My comments inline below in blue...

On Fri, Feb 1, 2019 at 10:49 AM Richard Brooks <r...@g.clemson.edu> wrote:

> Reminds me of a proposal I wrote for an ethics course to NSF.
> My proposed course looked at the economics of the industry, as
> pointed out by Ross Anderson, that the market rewards bad
> and insecure software. This means that structurally it is
> almost impossible to be ethical and survive. The course included
> finding regulatory and market modifications that would support
> producing secure systems and economic survival.
>
> I find something wrong with a system that supports making
> insecure products.
>
> My course proposal was turned down. My favorite review
> of the proposal said it is wrong to combine ethics and
> economics.
>

That was the question Oliver Williamson asked before his being awarded the
Nobel Prize in Economics.

Research by Dale Miller
<https://www.gsb.stanford.edu/faculty-research/faculty/dale-t-miller> and
others shows that students who take economics courses in college become
more selfish and less altruistic after taking the course.

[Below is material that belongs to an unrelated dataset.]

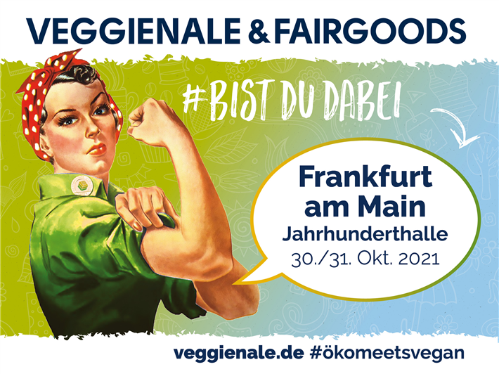 Nach gut einem Jahr pandemiebedingter Pause planen die Veranstalter der Berliner Agentur ECOVENTA den Re-Start der VEGGIENALE & FAIRGOODS – Messe für pflanzlichen Lebensstil und ökologische Nachhaltigkeit. Das deutschlandweit einzigartige Konzept mit dem Motto „Öko + vegan macht stark!" gastiert damit zum vierten Mal in der Hessenmetropole, konkret am Wochenende des 30. und 31. Oktober 2021 in der Jahrhunderthalle, Pfaffenwiese 301, 65929 Frankfurt.
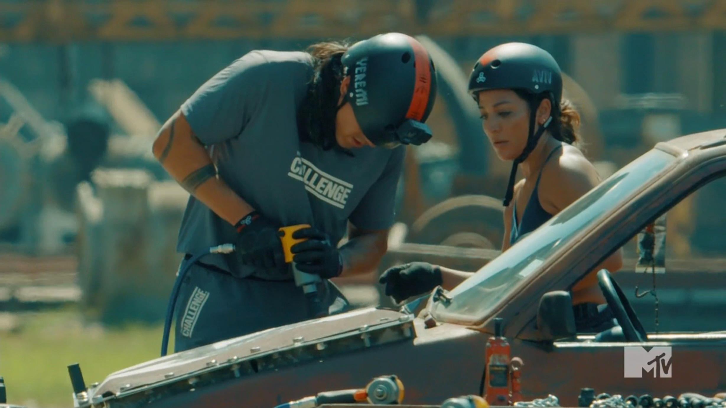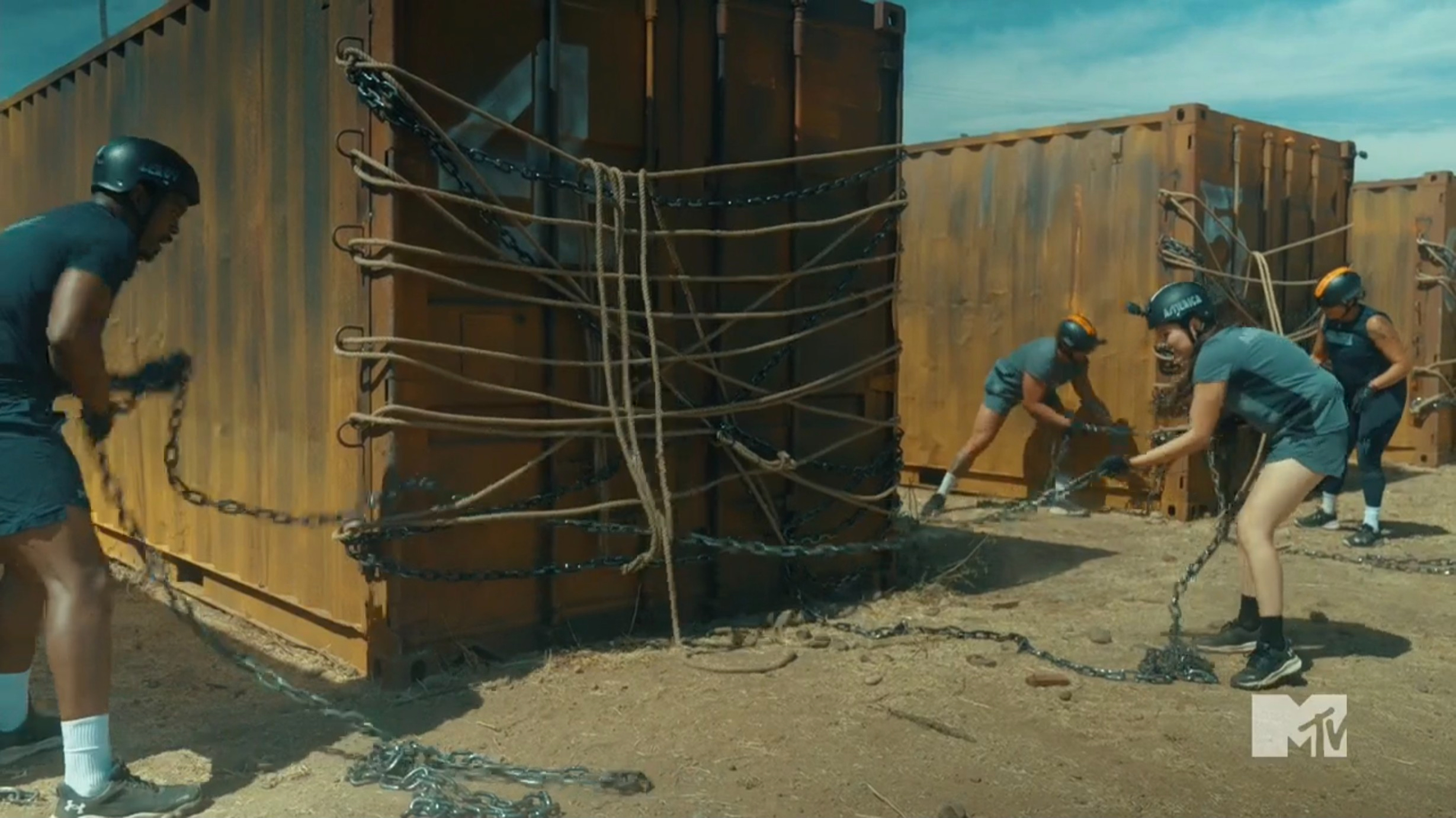 This week’s challenge is inspired by the movie The Running Man, and Glen Powell kicks off the competition with a message. Fittingly, this game is called Running Man and TJ gives each team a key. The partners will need to run down a field and find a shipping container that has a lock for their key. They need to open that container, which is wrapped in chains and ropes, and release a car. They’ll then drive the car to a working station and use tools to remove the hood and release a tracking device. Finally, the competitors will run the tracking device to the finish line before it detonates to clock their time. The duos quickly find their containers, but Olivia & Will seem to struggle to work together while removing the chains from their box. Yeremi & Aviv are the first team to get to their car, with Michaela & Cedric close behind — and they discover the car is a manual. This proves to be an issue for some teams, specifically Justin & Nany who resort to pushing their car.

My Harvard advisor Jeffrey Sachs once told me the story about how the
President of the University of Chicago -- then an economist -- heard Jeff
go on and on about the importance of technologies to what was then called
"developing economies." When Jeff was done, the President turned to him and
said, "Jeff, you know that there's no such thing as technology because we
haven't modeled it mathematically yet."

When I came to Stanford and turned to the natural and behavioral sciences,
one of my professors would introduce me at parties as a "recovering
economist," which I always found amusing.


> We should teach them to do the ethical thing, especially
> when it means that they will go bankrupt.